Since my last question here about the Alephs was too imprecise and thus went over like a lead balloon, I am trying a new and simpler question which asks what I probably should have asked before.
Under "Beth Numbers" in Wikipedia I read:
"In ZF, for any cardinals $\kappa$ and $\mu$, there is an ordinal $\alpha$ such that:
$\kappa \leq \beth_\alpha(\mu)$."
But under "Inaccessible Cardinals" I read:
"a cardinal $\kappa$ is strongly inaccessible if it is uncountable, it is not a sum of fewer than $\kappa$ cardinals that are less than $\kappa$, and $\alpha < \kappa$ implies $2^\alpha < \kappa$."

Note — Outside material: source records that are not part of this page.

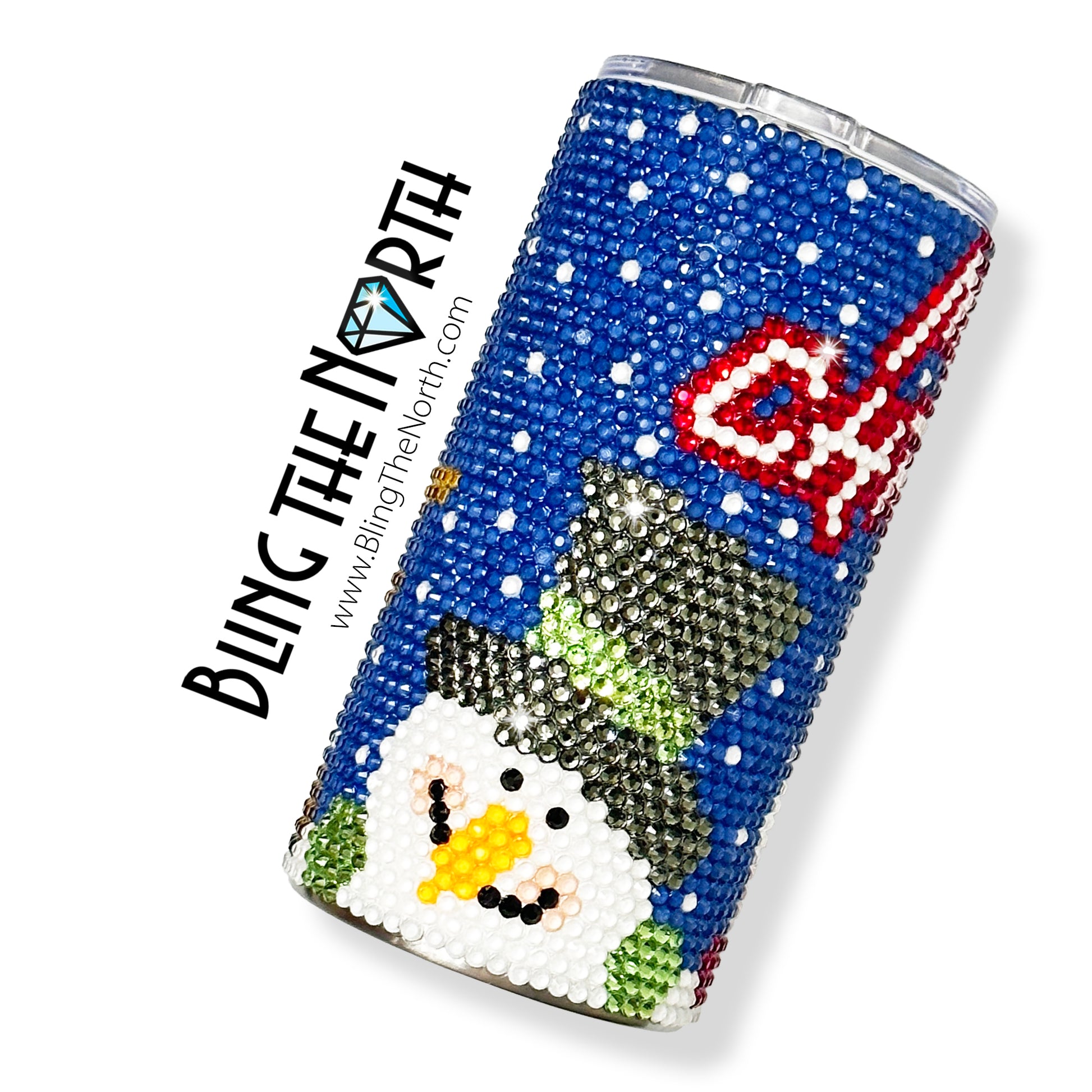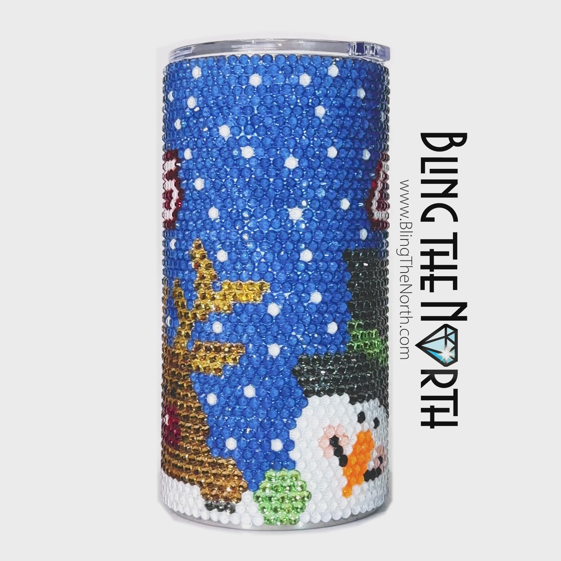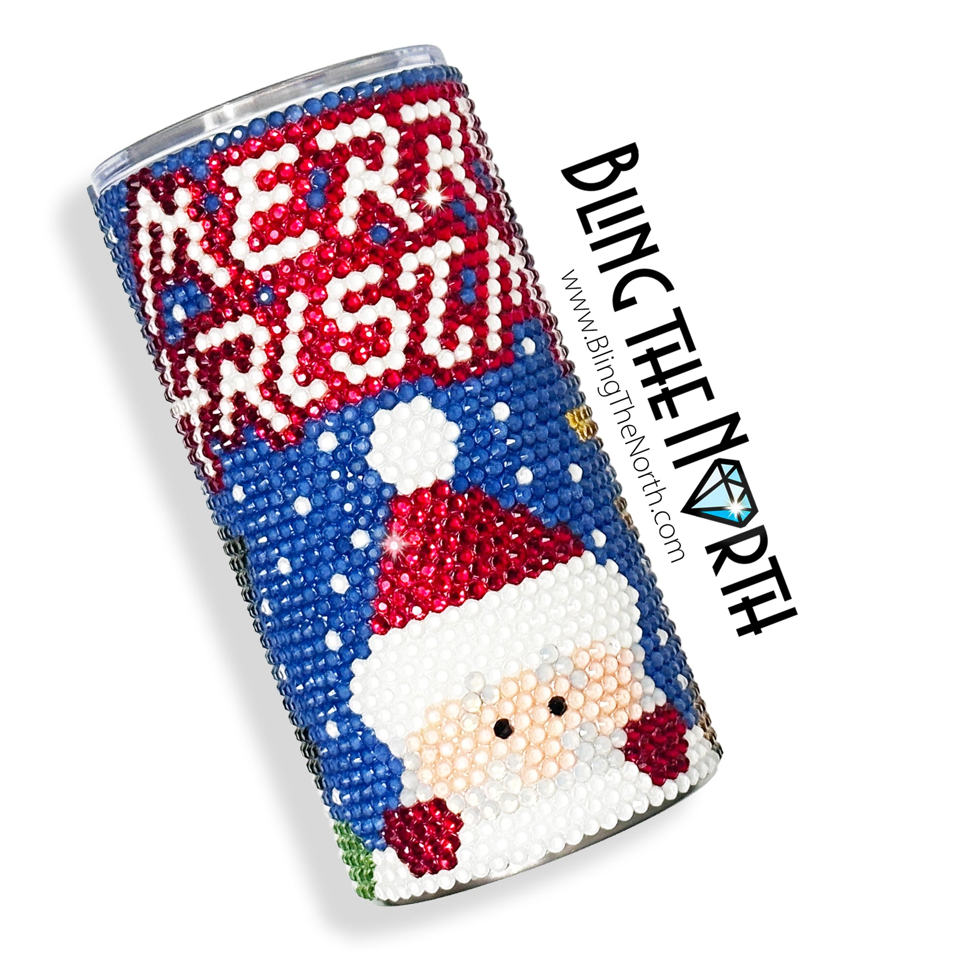 MERRY CHRISTMAS Rhinestone Duo Tumbler | 16oz Plump | Slim Can Koozie | Custom Bling Glass Rhinestones | Straw Incl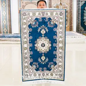 • -30%Pakistan Rug Silk Hand Knotted Blue Oriental Silk Carpet 2.5x4ft Original price was: $900.00.Current price is: $630.00.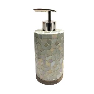 - Carefully cut pieces of pearlescent glass are set in a modern silhouette, making a bath collection made to fit any modern decor seamlessly.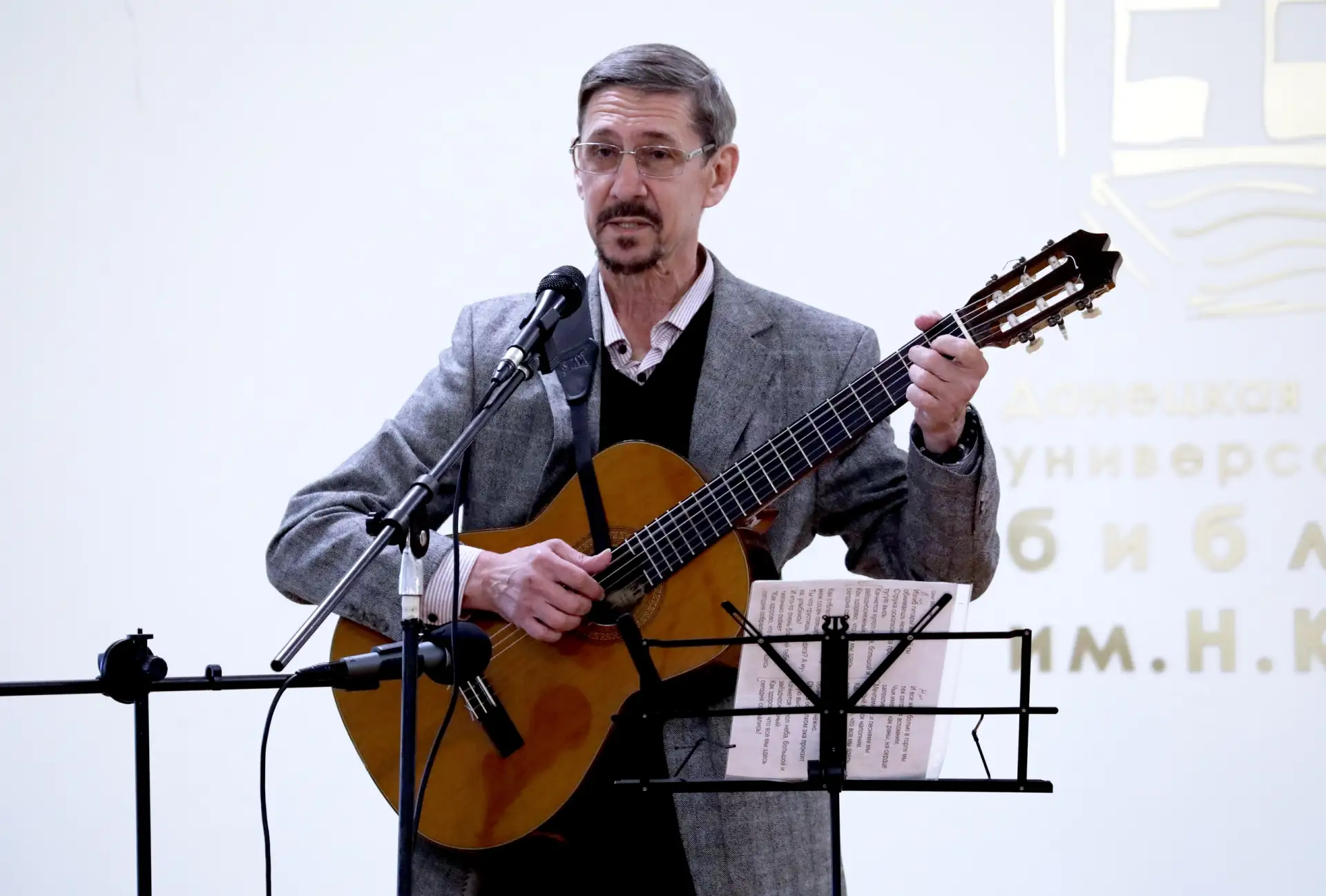 Музыкально-поэтическое представление, посвященное творчеству народного артиста Российской Федерации, известного автора-исполнителя Олега Митяева к его 70-летию, прошло в Донецкой республиканской универсальной научной библиотеке имени Н.К. Крупской.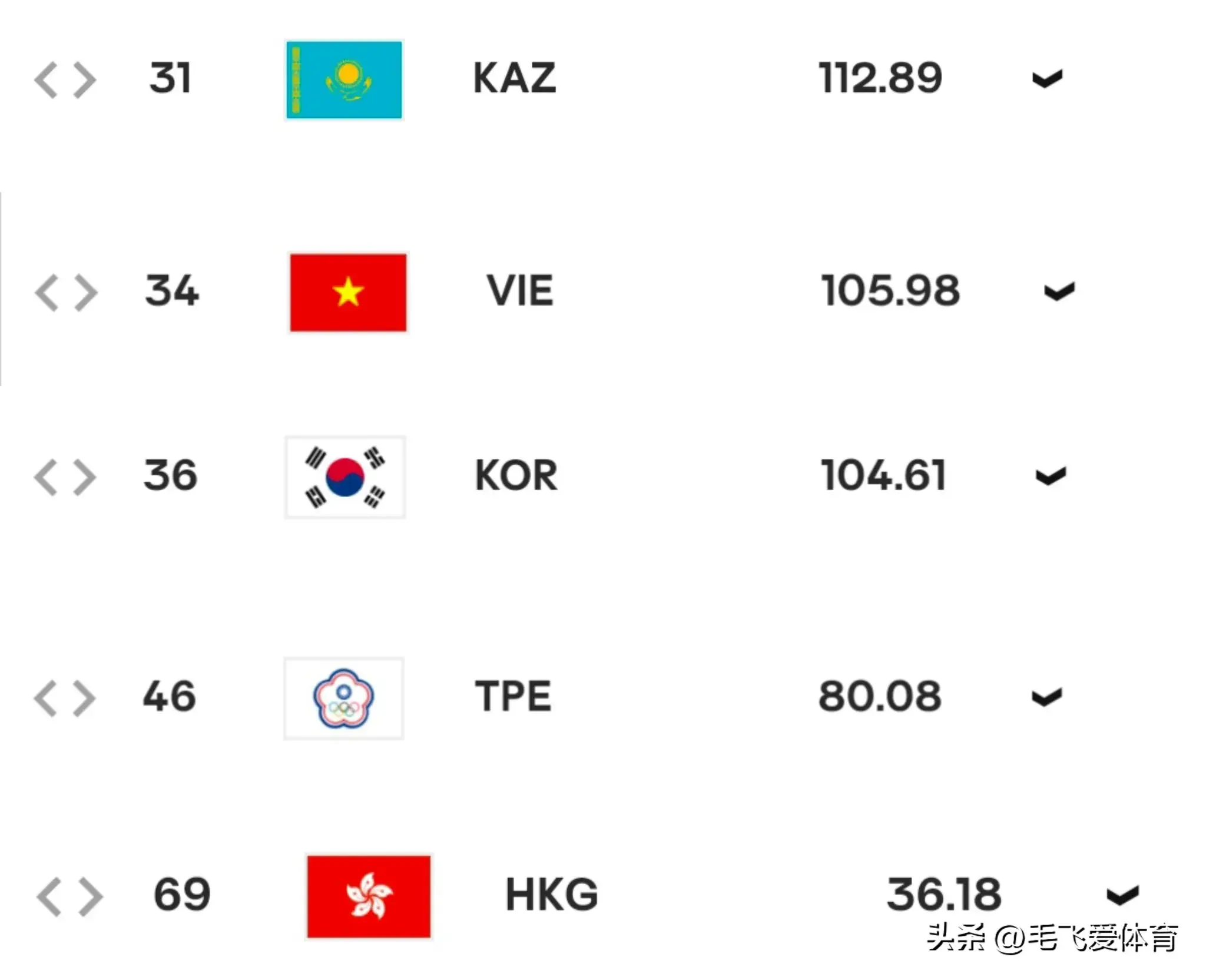 亚洲其他队伍排名,哈萨克斯坦女排世界排名第31位;越南女排世界排名第34位;韩国女排世界排名已经降至第36位;中国台北女排世界排名第46位;中国香港女排的世界排名第69位。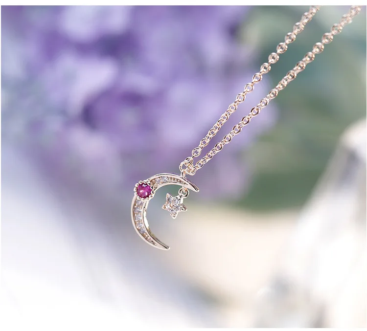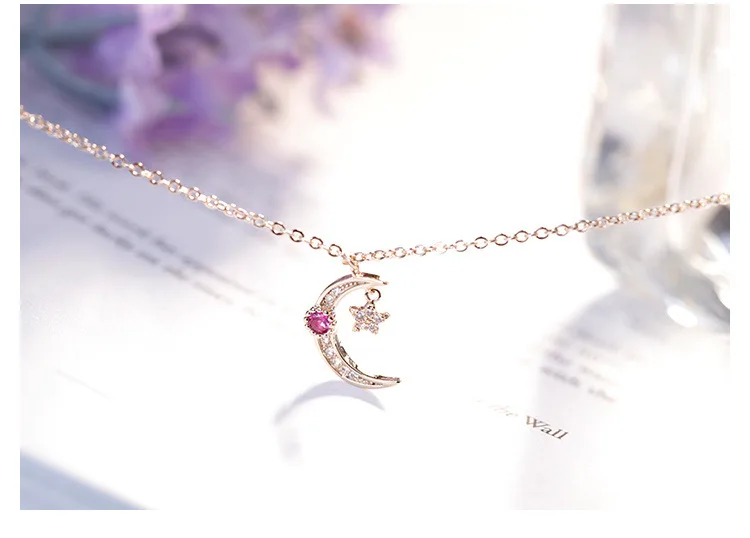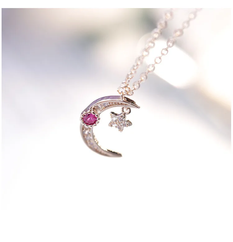 Victoria’s Vogue New Temperament Moon And Star 925 Sterling Silver Jewelry Not Allergic Rose Gold White And Pink Crystal Women Necklaces

These two passages are troubling to me since they seem to be contradictory. The first one seems to imply that for ANY cardinal one can always find a Beth number which exceeds it. While the second one clearly seems to imply that the first inaccesible and any cardinal larger than it, of which there are uncountably many, of course, are all vastly larger than any Beth cardinal generated by even $\omega$ applications of the Power Set operation could ever be.
I assume that I am simply missing something important here, and that both statements from the Wikipedia are actually true. But what exactly am I missing??
It seems like the issue you're having is with understanding what $\beth_\alpha$ means when $\alpha \geq \omega$. The definition is by recursion: $\beth_0 = \aleph_0$, for any ordinal $\alpha$ we define $\beth_{\alpha+1} = 2^{\beth_\alpha}$, and when $\alpha$ is a limit ordinal we have $\beth_\alpha = \sup\{\beth_\beta : \beta < \alpha\}$. This allows us to continue the powerset operation transfinitely.
Notice that, for every $\alpha$, $\aleph_\alpha \leq \beth_\alpha$. Thus, if $\kappa = \aleph_\alpha$, then $\beth_\alpha \geq \aleph_\alpha = \kappa$, so it is indeed true that there is a $\beth$ number larger than $\kappa$ (if you want strictly larger, go for $\beth_{\alpha+1}$).
The reason the previous paragraph doesn't contradict the definition of $\kappa$ being inaccessible is that if $\kappa$ is inaccessible then the $\alpha$ for which $\kappa = \aleph_\alpha$ is $\kappa$ itself, i.e., $\kappa = \aleph_\kappa$. Thus, unlike in the definition of inaccessibility, we're not in the position of calculating $2^{\alpha}$ with $\alpha < \kappa$.